DATA SUPPLIED START

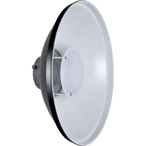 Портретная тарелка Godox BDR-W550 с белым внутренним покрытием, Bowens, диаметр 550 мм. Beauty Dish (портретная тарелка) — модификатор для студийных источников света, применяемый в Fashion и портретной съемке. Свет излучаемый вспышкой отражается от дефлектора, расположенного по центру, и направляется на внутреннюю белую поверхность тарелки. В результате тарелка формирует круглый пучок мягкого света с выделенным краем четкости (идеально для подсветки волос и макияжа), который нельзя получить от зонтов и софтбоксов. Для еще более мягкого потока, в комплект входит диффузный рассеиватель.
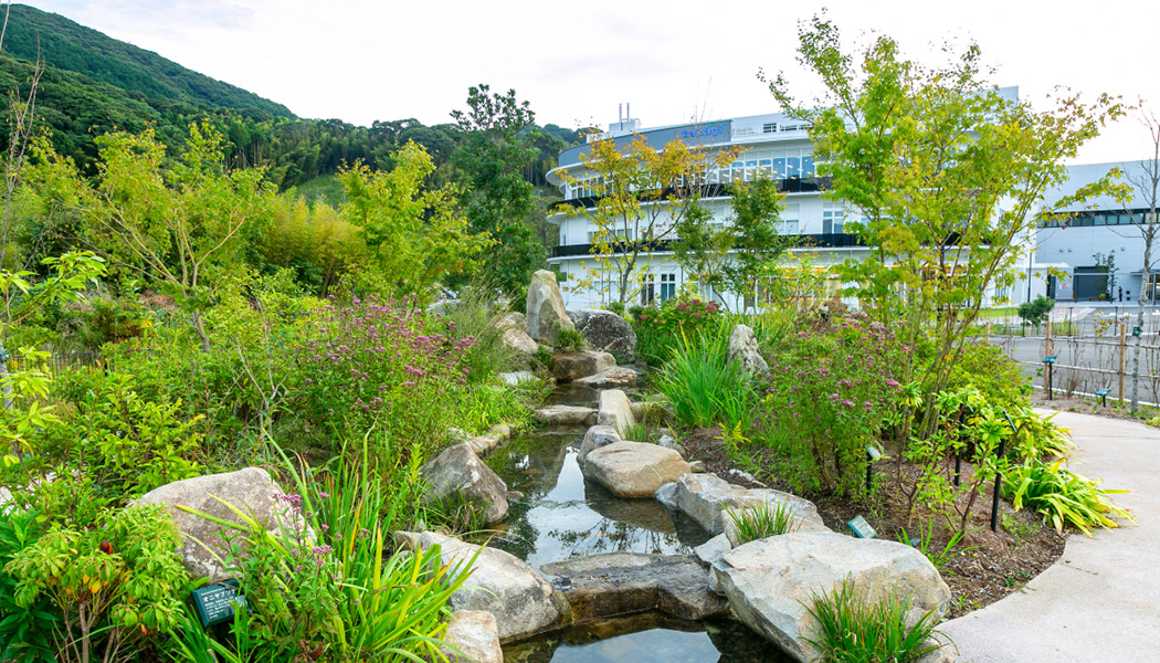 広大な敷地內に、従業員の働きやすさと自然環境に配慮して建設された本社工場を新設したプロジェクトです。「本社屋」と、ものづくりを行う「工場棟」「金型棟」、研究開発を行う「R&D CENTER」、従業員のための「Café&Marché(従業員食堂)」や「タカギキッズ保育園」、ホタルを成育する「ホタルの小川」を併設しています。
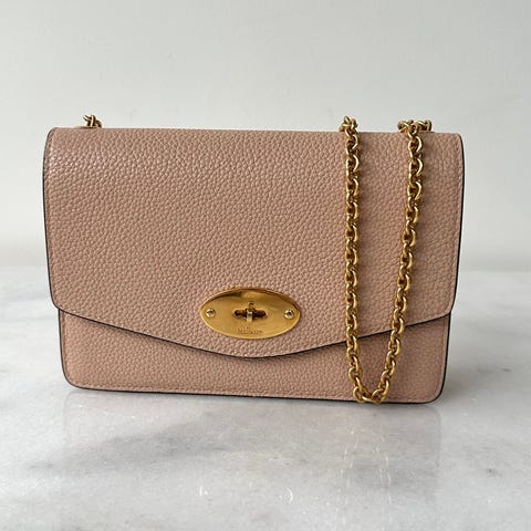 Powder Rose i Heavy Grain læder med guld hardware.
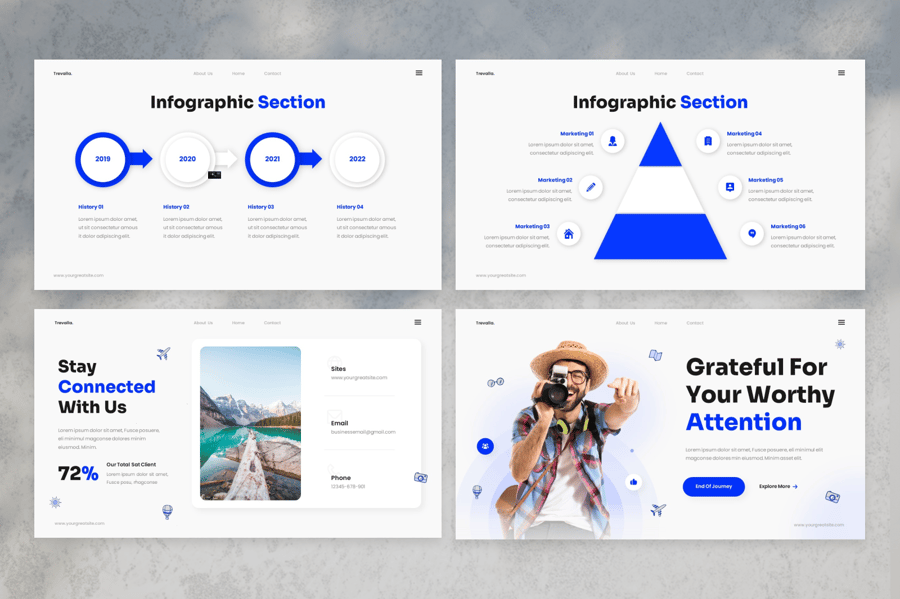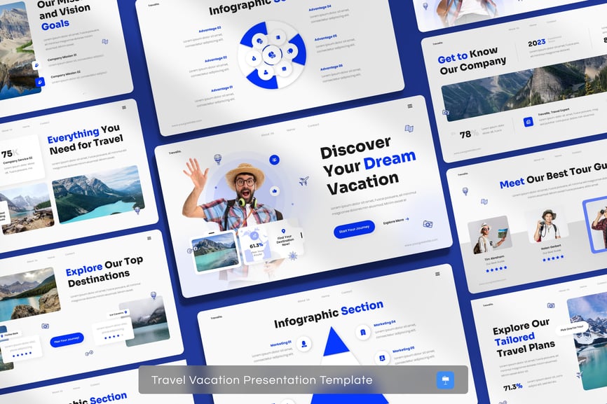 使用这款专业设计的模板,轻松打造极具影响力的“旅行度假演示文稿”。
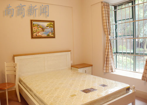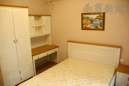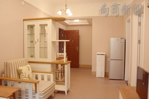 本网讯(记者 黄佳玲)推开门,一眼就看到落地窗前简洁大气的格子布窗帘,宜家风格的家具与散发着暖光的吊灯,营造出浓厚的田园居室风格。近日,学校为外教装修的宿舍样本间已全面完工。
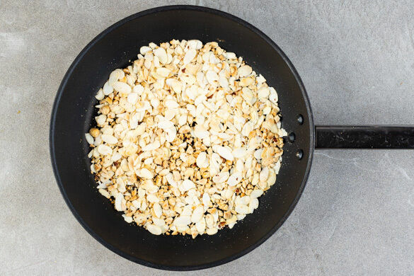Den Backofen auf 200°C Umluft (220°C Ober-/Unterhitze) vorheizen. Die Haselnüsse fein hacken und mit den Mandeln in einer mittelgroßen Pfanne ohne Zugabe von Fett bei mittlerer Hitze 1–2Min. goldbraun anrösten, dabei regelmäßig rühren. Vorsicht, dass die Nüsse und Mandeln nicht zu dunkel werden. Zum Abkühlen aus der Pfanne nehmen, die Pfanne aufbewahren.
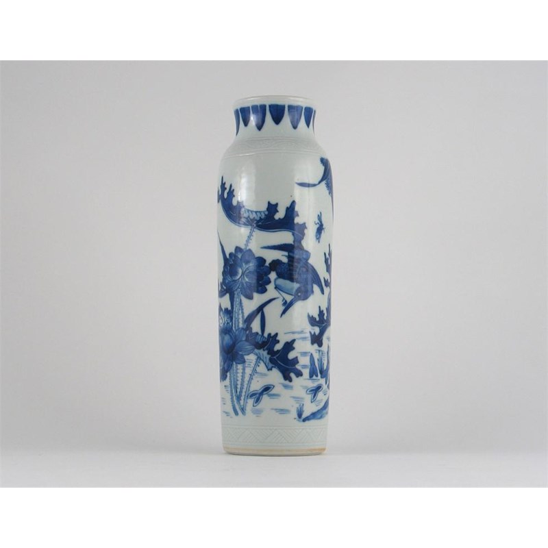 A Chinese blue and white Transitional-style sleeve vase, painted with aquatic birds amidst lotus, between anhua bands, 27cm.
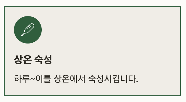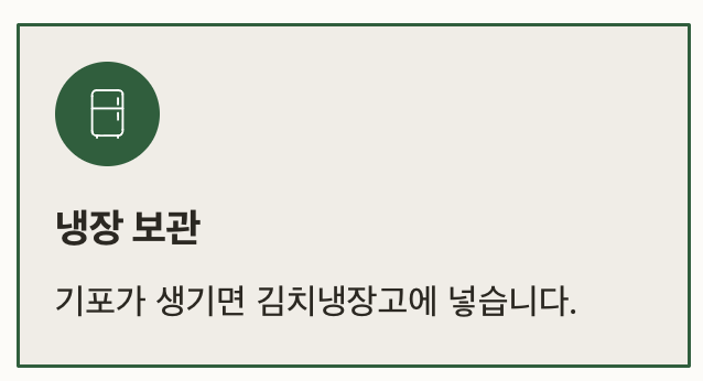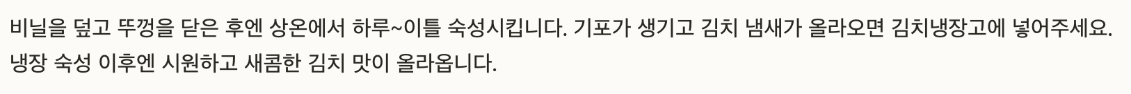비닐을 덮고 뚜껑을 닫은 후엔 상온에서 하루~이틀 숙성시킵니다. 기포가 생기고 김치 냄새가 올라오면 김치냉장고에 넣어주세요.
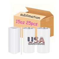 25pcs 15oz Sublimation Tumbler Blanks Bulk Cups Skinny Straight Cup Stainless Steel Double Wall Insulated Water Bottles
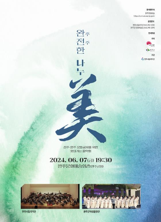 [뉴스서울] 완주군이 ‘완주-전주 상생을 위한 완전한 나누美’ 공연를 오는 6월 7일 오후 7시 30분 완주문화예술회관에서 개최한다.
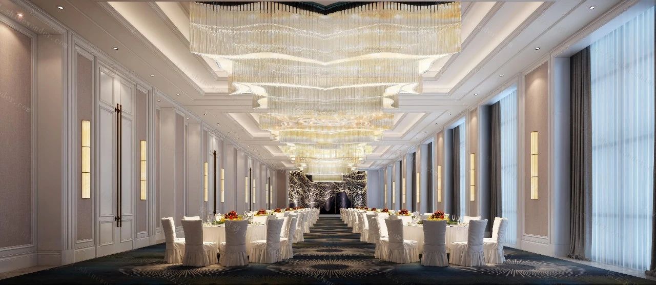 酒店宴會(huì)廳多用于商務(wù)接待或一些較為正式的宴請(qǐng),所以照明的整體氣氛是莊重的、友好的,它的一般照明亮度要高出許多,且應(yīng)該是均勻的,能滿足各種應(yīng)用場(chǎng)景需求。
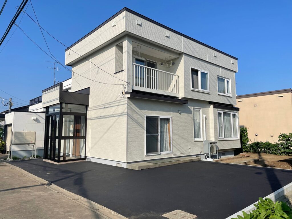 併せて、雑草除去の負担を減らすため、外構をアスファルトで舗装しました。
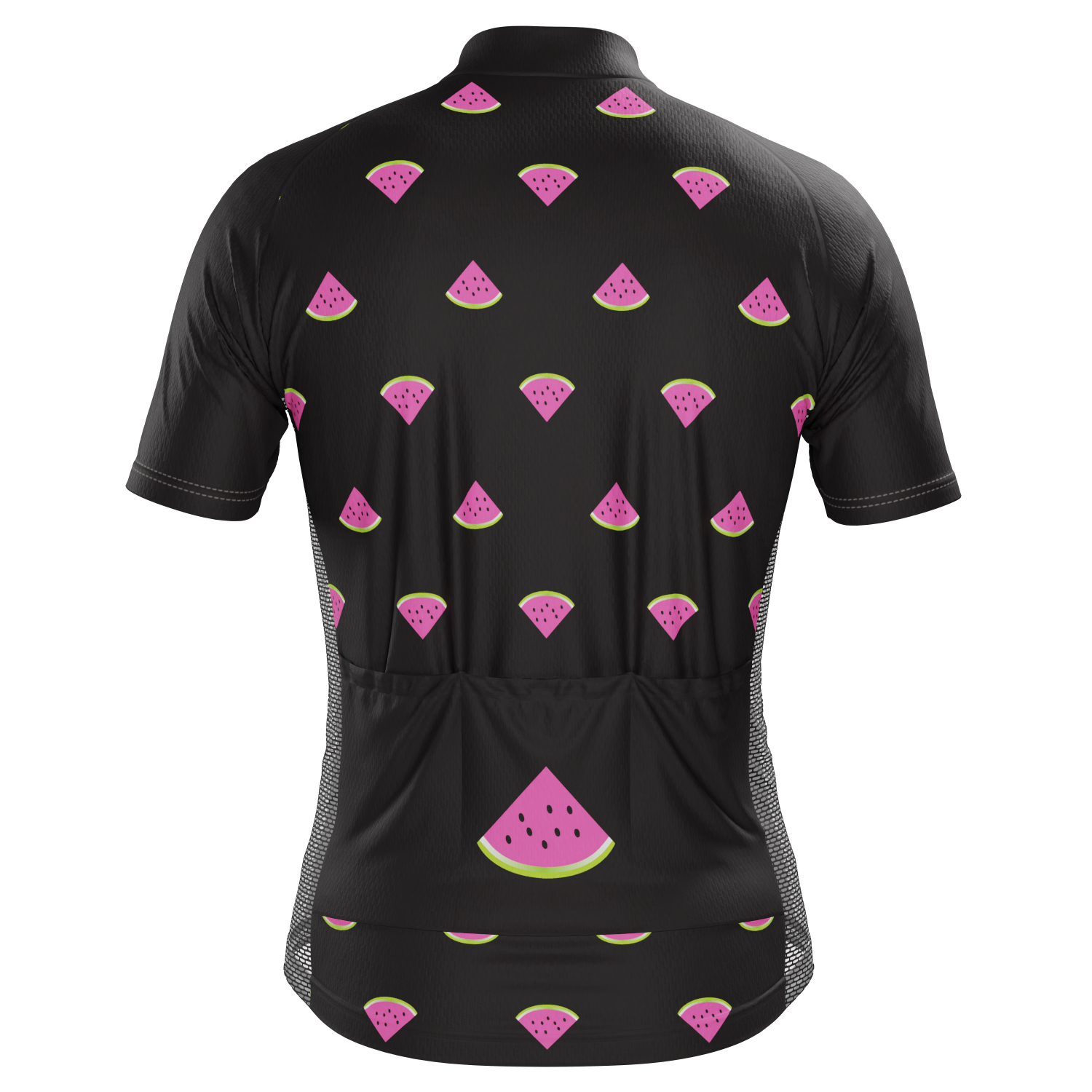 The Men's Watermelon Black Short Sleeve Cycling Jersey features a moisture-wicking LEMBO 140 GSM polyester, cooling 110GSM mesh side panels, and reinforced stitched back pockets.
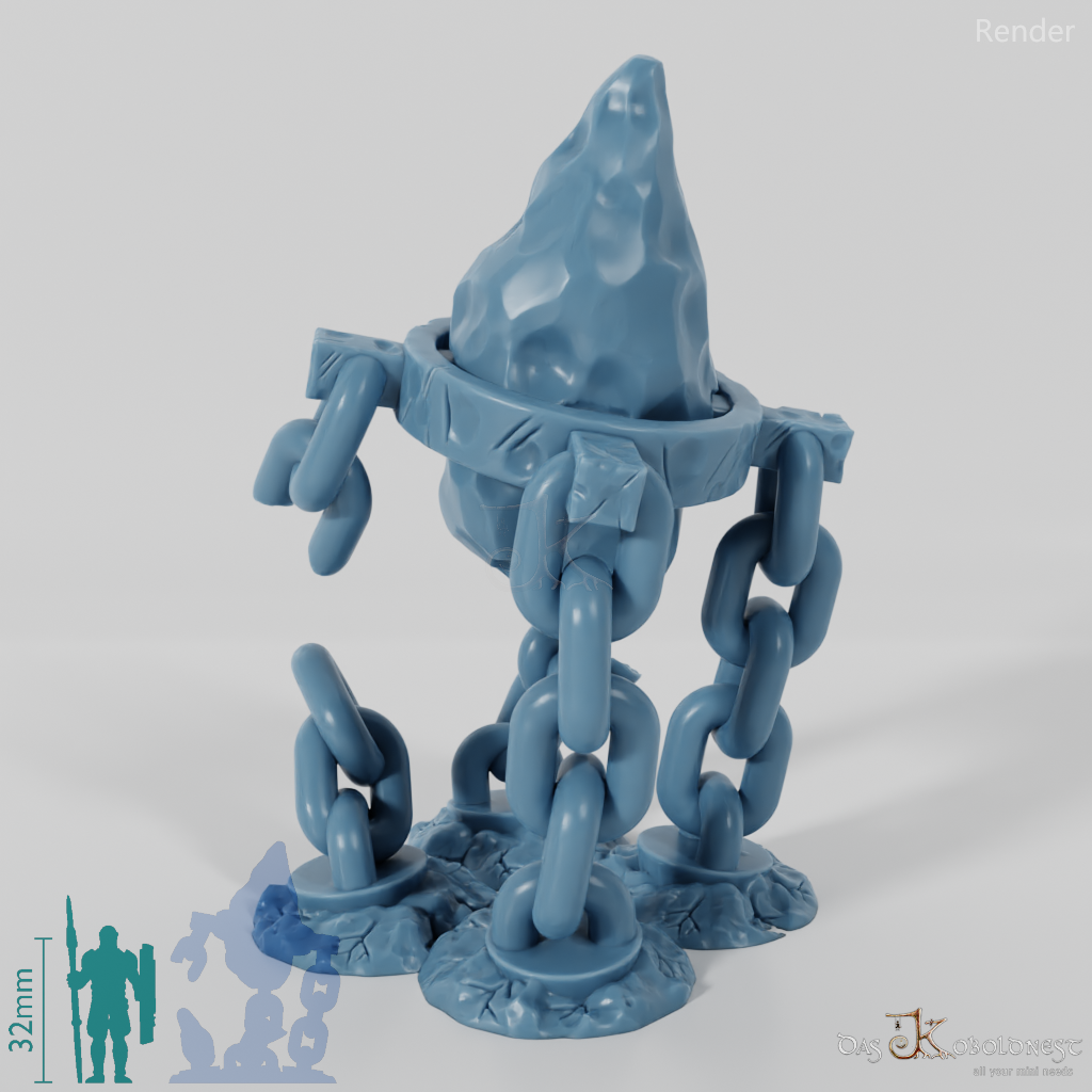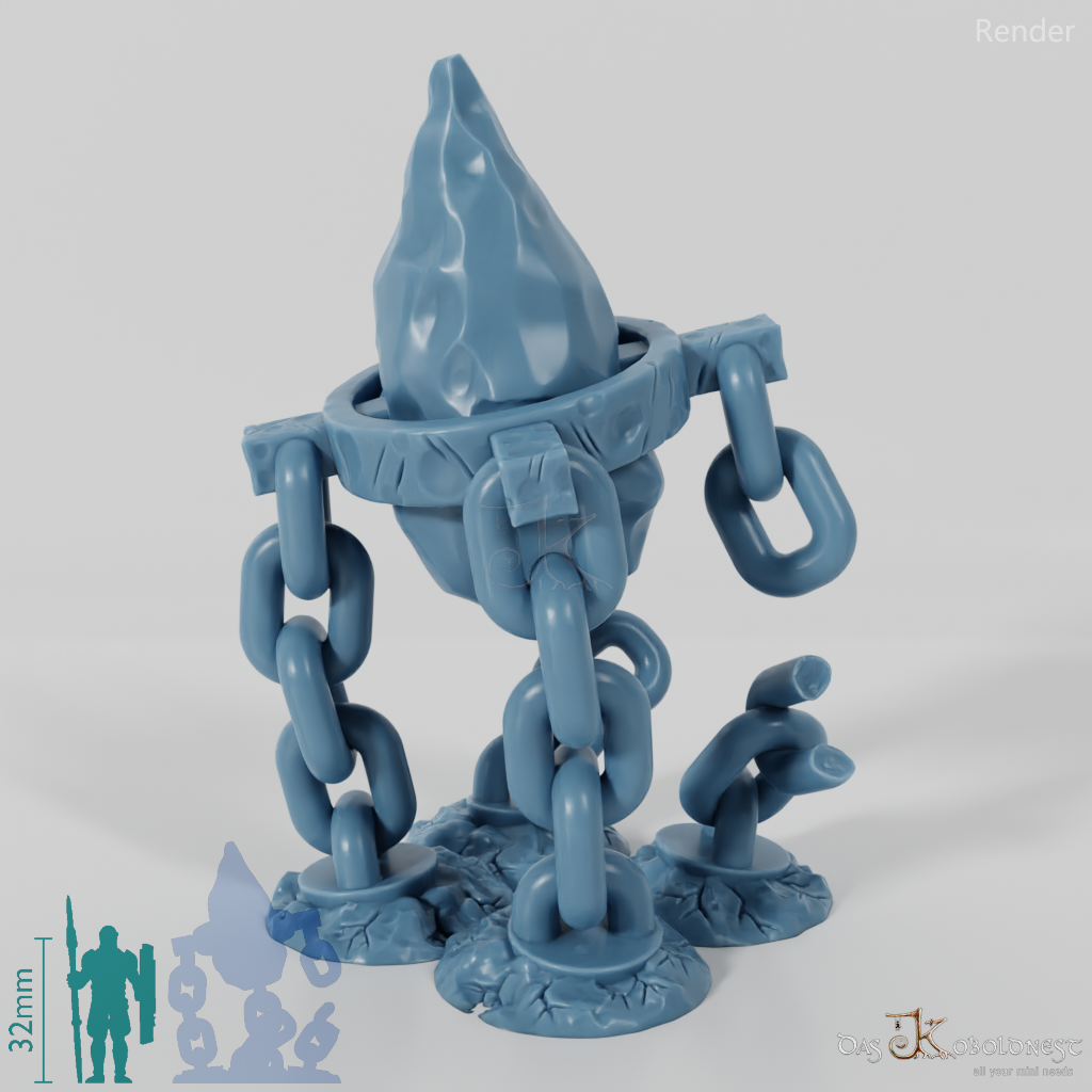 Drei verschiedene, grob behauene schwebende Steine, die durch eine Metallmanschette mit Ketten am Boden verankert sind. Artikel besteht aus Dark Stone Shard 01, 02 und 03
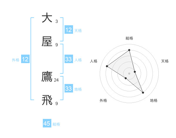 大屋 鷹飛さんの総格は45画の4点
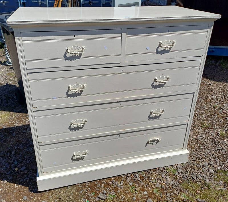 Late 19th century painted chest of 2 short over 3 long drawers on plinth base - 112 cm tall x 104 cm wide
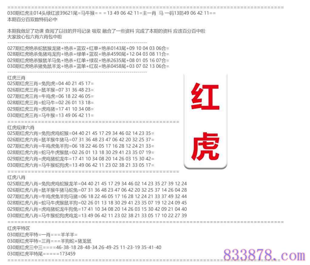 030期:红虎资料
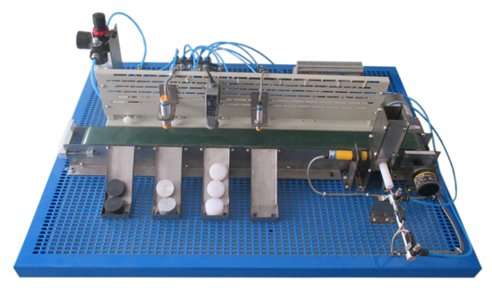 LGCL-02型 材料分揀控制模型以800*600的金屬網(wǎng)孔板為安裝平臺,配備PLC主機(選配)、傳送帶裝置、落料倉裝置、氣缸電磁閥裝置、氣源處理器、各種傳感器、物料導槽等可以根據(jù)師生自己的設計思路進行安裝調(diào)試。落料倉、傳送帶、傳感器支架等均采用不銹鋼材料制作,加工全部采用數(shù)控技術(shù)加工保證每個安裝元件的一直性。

DATA SUPPLIED END

» **YOUR TASK**: The copy should hold only the lines from the one with "비닐을 덮고 뚜껑을 닫은" through the one with "併せて、雑草除去の負担を減らすため、外構をアスファルトで舗装しました。", exactly as they stand above. Leave out the pictures.

» **WRITTEN SOLUTION**:
비닐을 덮고 뚜껑을 닫은 후엔 상온에서 하루~이틀 숙성시킵니다. 기포가 생기고 김치 냄새가 올라오면 김치냉장고에 넣어주세요.
 25pcs 15oz Sublimation Tumbler Blanks Bulk Cups Skinny Straight Cup Stainless Steel Double Wall Insulated Water Bottles
 [뉴스서울] 완주군이 ‘완주-전주 상생을 위한 완전한 나누美’ 공연를 오는 6월 7일 오후 7시 30분 완주문화예술회관에서 개최한다.
 酒店宴會(huì)廳多用于商務(wù)接待或一些較為正式的宴請(qǐng),所以照明的整體氣氛是莊重的、友好的,它的一般照明亮度要高出許多,且應(yīng)該是均勻的,能滿足各種應(yīng)用場(chǎng)景需求。
 併せて、雑草除去の負担を減らすため、外構をアスファルトで舗装しました。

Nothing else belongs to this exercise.